*Assignment*: Of all the lines in the records below, copy only those that contain the string "Figure".

(Records contained in a dataset)
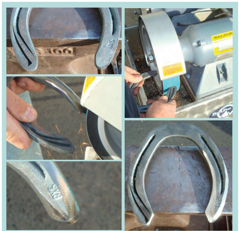
HEEL CHECK AND FINISH

Hopefully you find something in this information you can use that will make your day a little bit easier. ■
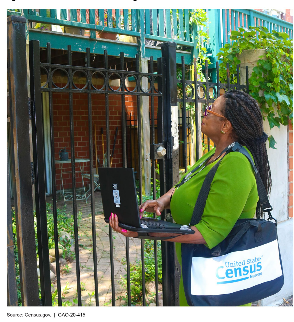
Figure 2: In-Field Address Canvassing Lister

The Bureau began the in-field address canvassing operation at seven of its 39 Area Census Offices on August 4, 2019, and then rolled out the operation to the remaining 32 offices on August 18, 2019. It conducted this phased approach to ensure all operations and systems worked together before commencing the operation nationwide. The total in-field address listing workload was more than 50 million addresses from the Bureau's address file. Bureau officials reported that listers were generally more productive than expected, thus allowing the Bureau to complete the operation as scheduled on October 11, 2019 (see fig. 3).
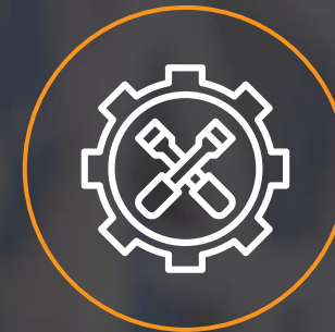
Hardware Installation & Maintenance
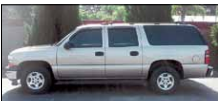
2006 CHEVROLET SUBURBAN LS 1500
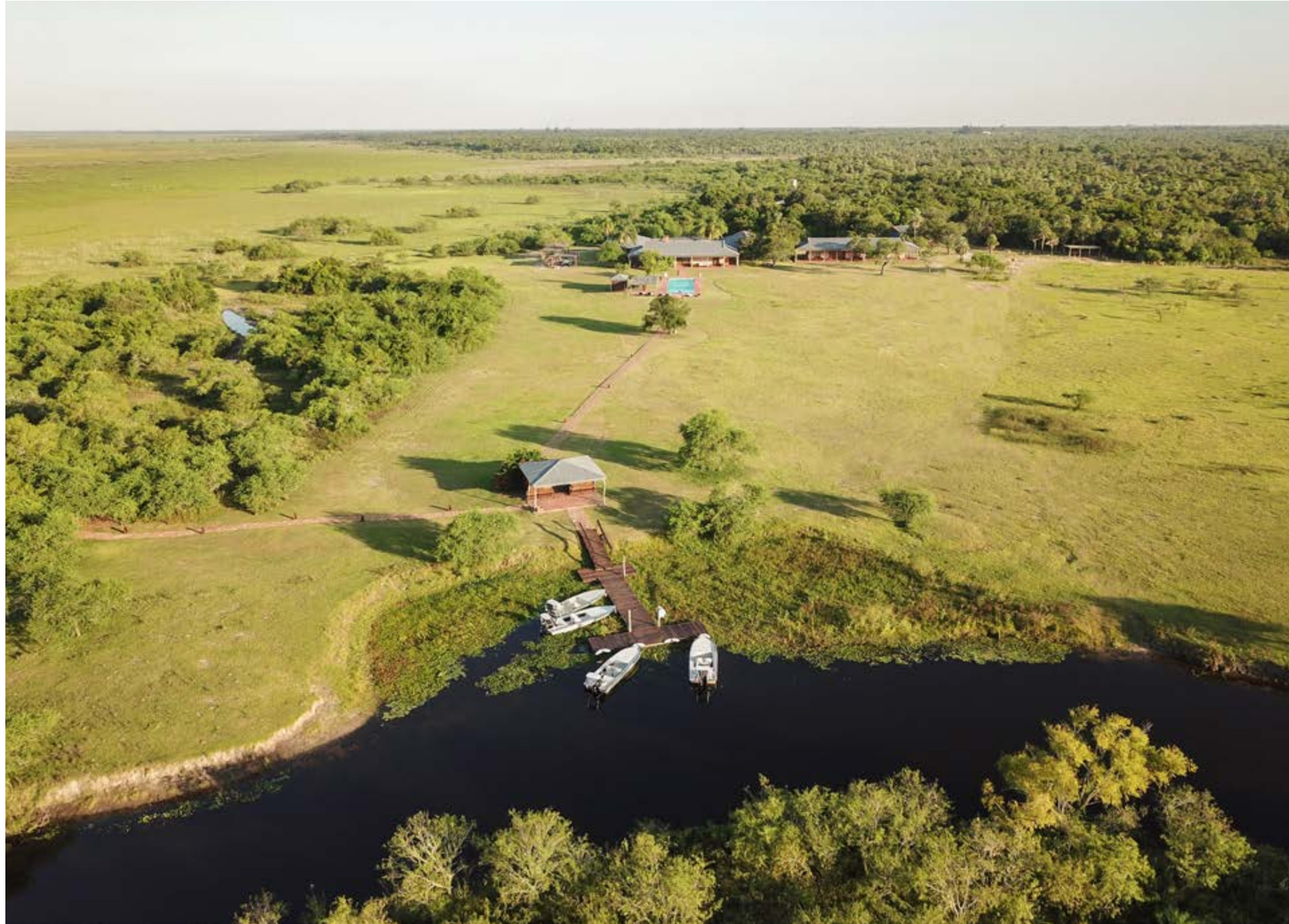
Pirá Lodge is strategically located in the heart of the 1,3 million hectare Iberá Marshland Nature Reserve.
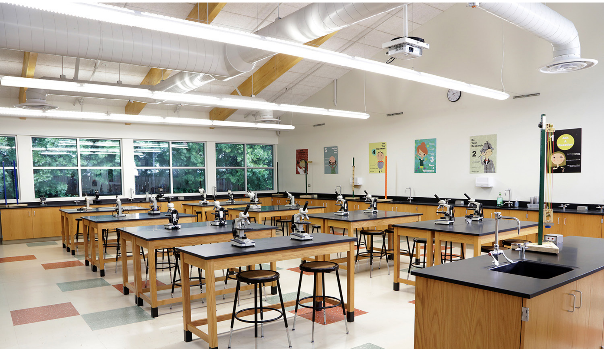
Interior View - Science Classroom

Biophilic principles informed the design of interior spaces, with views to nature, light from clerestory and view windows on multiple walls in each space, use of warm natural materials, and large volumes.
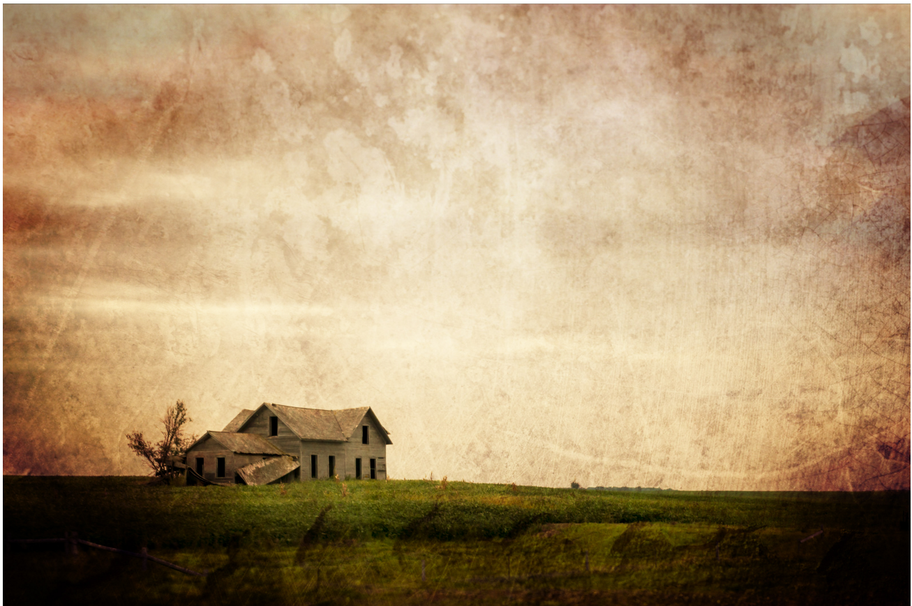
Photo taken in South Dakota by Reese Saxon, DAA registrar and photography teacher.

The Dakota Conference Communication Department is always looking for beautiful photos to use in the Dakota Dispatch , the Dakota Messenger , the website, and more. If you are
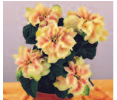
'Winter Rose Early Marble'

'Winter Rose Early Marble' (Ecke Ranch, formerly 20-04). Another cultivar in the new Winter Rose Early series, this one has a light pink center and creamy pink edge. Older bracts tend to show a lot of green in the creamy edge. The growth characteristics are similar to 'Winter Rose Early Pink' described above. GPN
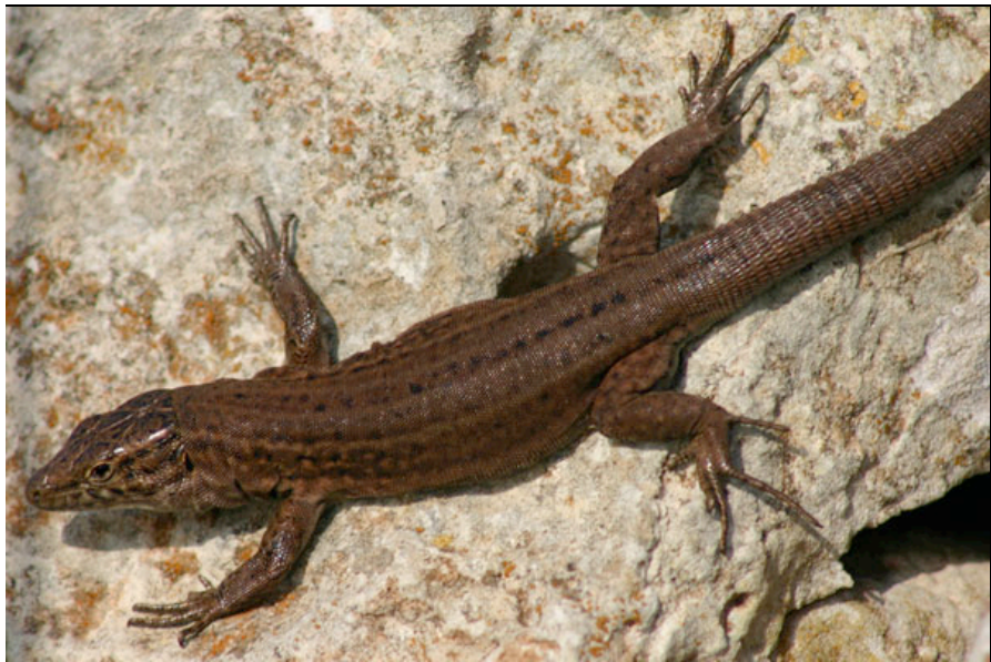
Male Podarcis liifordi codrellensis (Escull de Biniodrell Petit 24-10-2008)
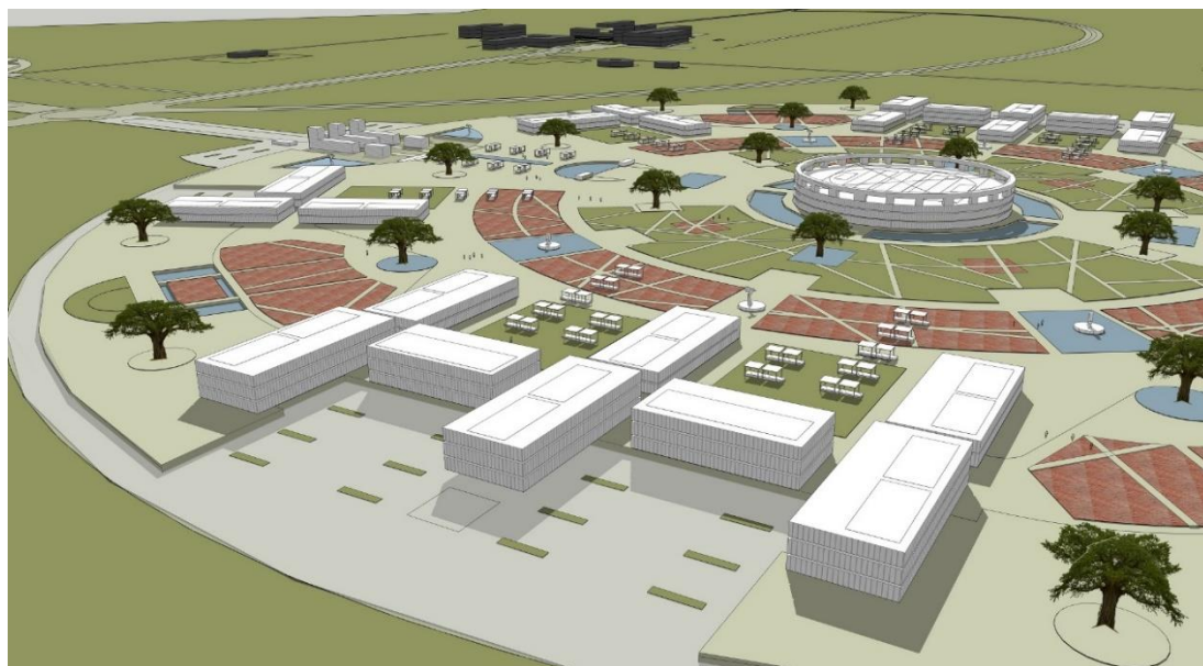
Figure 9. UAN Campus, aerial perspective from the East
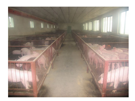
Fig. 3 Typical scaled livestock breeding in China

Urban biosolids are a source of antibiotic contamination for the agro-ecosystem because these substances are usually employed in agriculture. Biosolids refer to solid, semisolid, and liquid residues that are generated during the treatment of
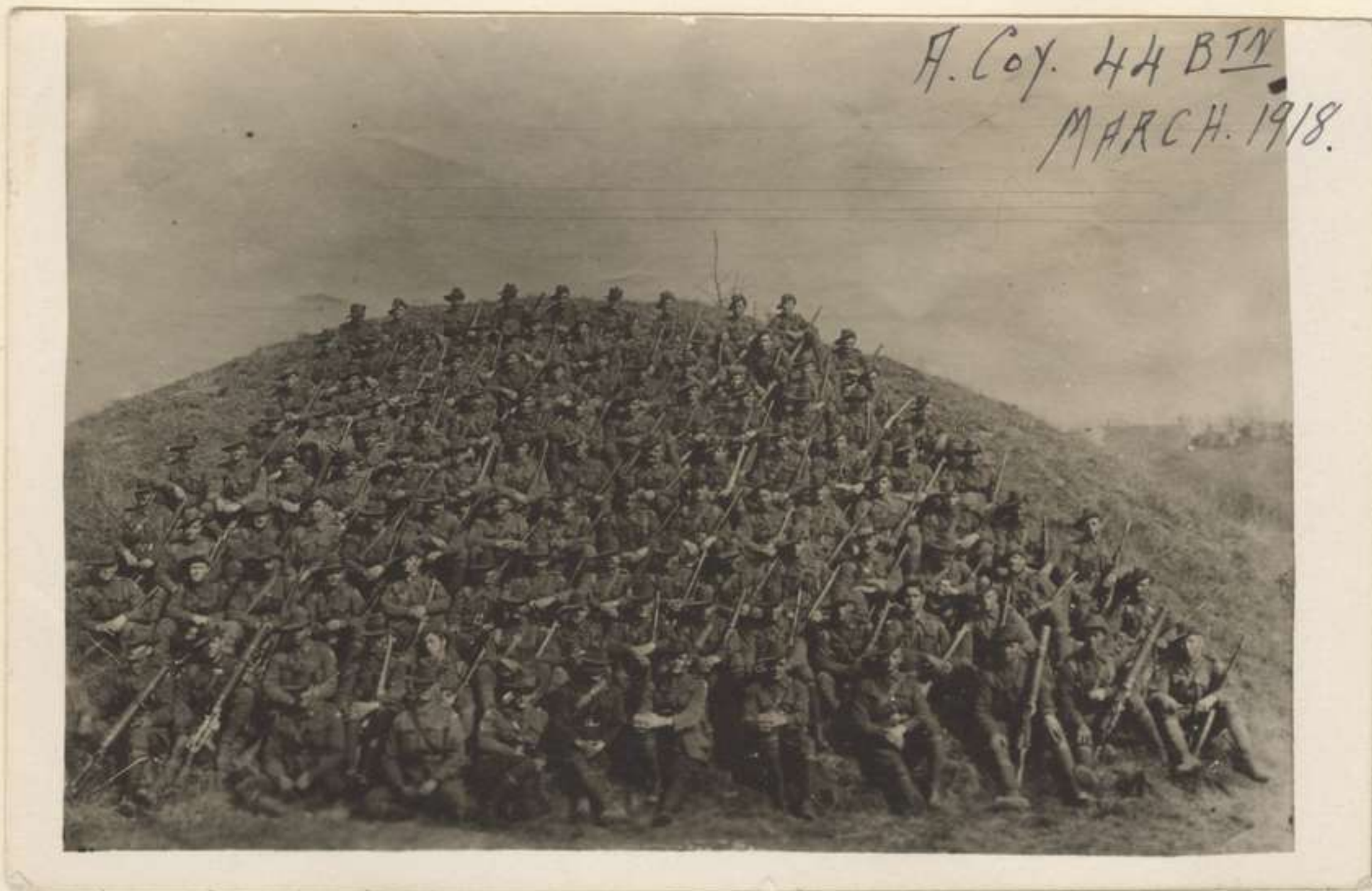
A. Coy. HQ BTN MARCH. 1918.
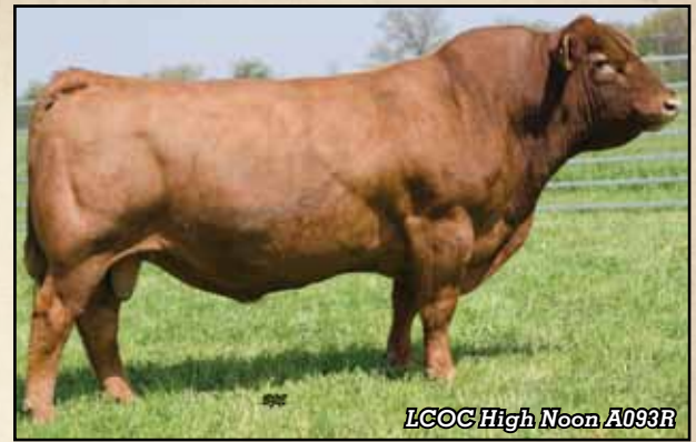
LCOC High Noon A093R

Visitors constantly ask which herd sire has the best disposition. Without a doubt, the answer is always High Noon. High Noon is an impressive bull and gets a lot of attention. He consistently passes his quiet and gentle demeanor on to his offspring. This disposition is combined with both stoutness and carcass quality that put him in the top 5% for marbling and top 8% for REA, which makes High Noon one of the breed's leading sires. High Noon has become a mainstay sire and we can't find any reason to quit using him. You won't find a sire line any more consistent! High Noon has sons and daughters that sell. Semen is available through CRV USA or at Bieber Red Angus Ranch.
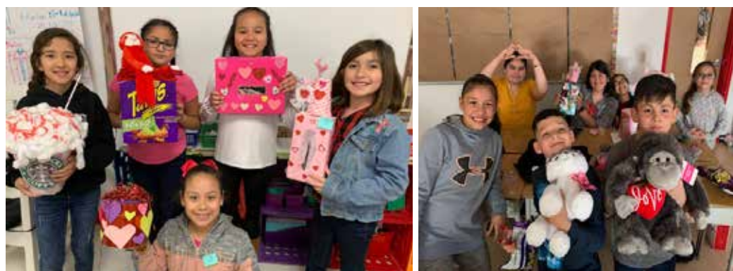
NHE students wishing everyone a happy Valentine's Day filled with friendship, kindness, and happiness.
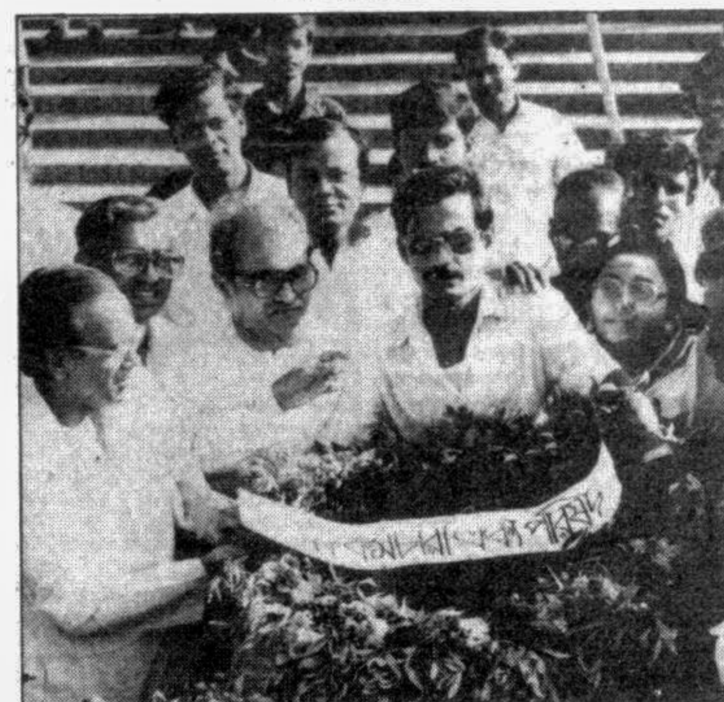
Sramik Karmachari Oikya Parishad (SKOP)
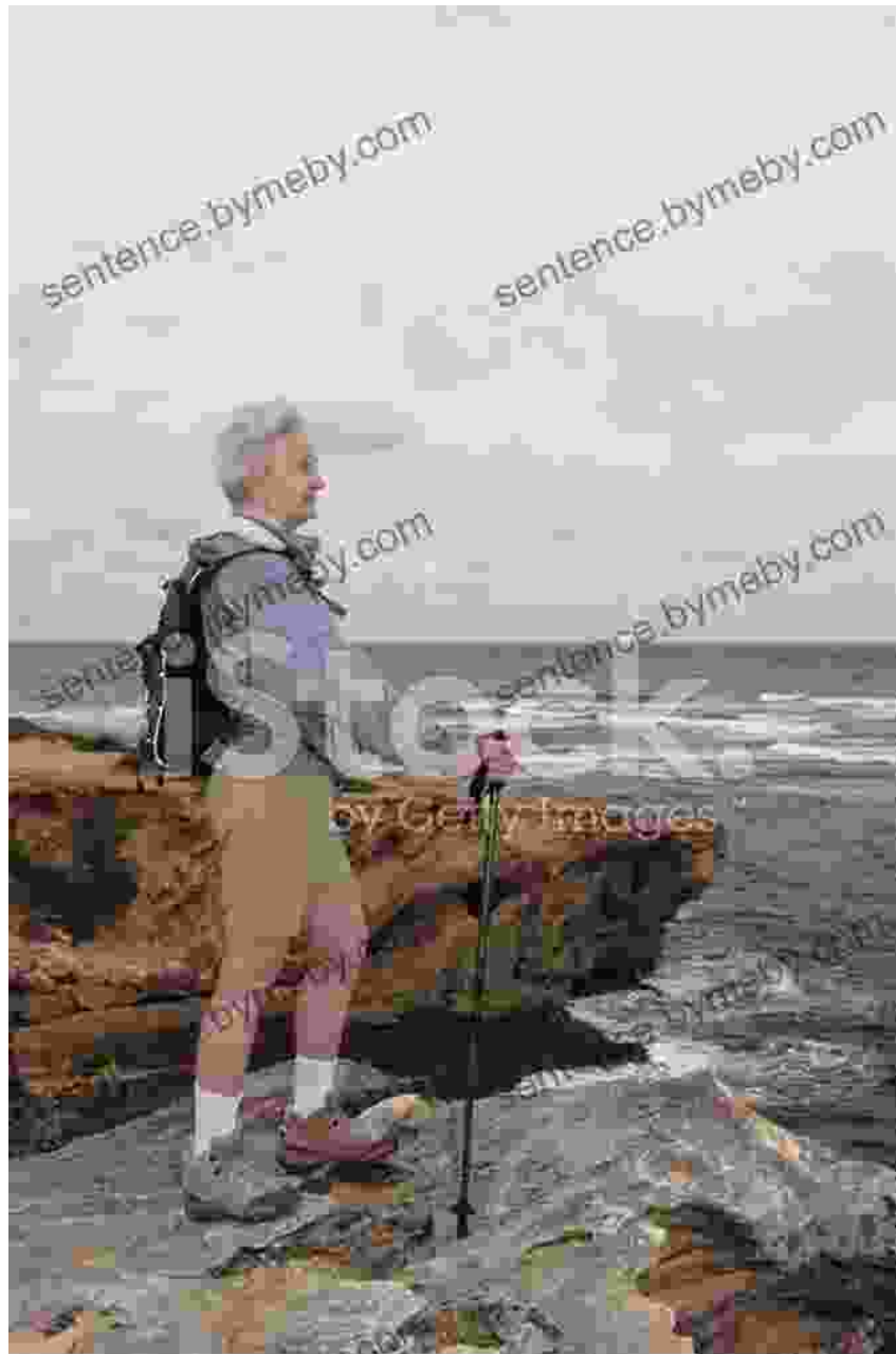
A hiker walks along a rocky shoreline with towering mountains in the background.
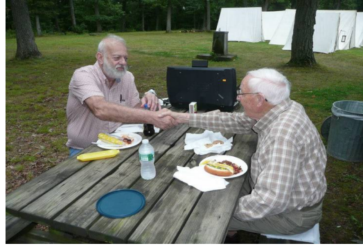
Chapter Annual Picnic

In addition to the picnic and fellowship, attendees could visit and purchase wares and accoutrements from various sutlers, visit the Patriot, Indian, Tory and British encampments, and participate in a "woods walk" battle re-enactment, where you took on the role of a Tory or Patriot refugee, escorted by the appropriate army

*The answer*:
Figure 2: In-Field Address Canvassing Lister
Figure 9. UAN Campus, aerial perspective from the East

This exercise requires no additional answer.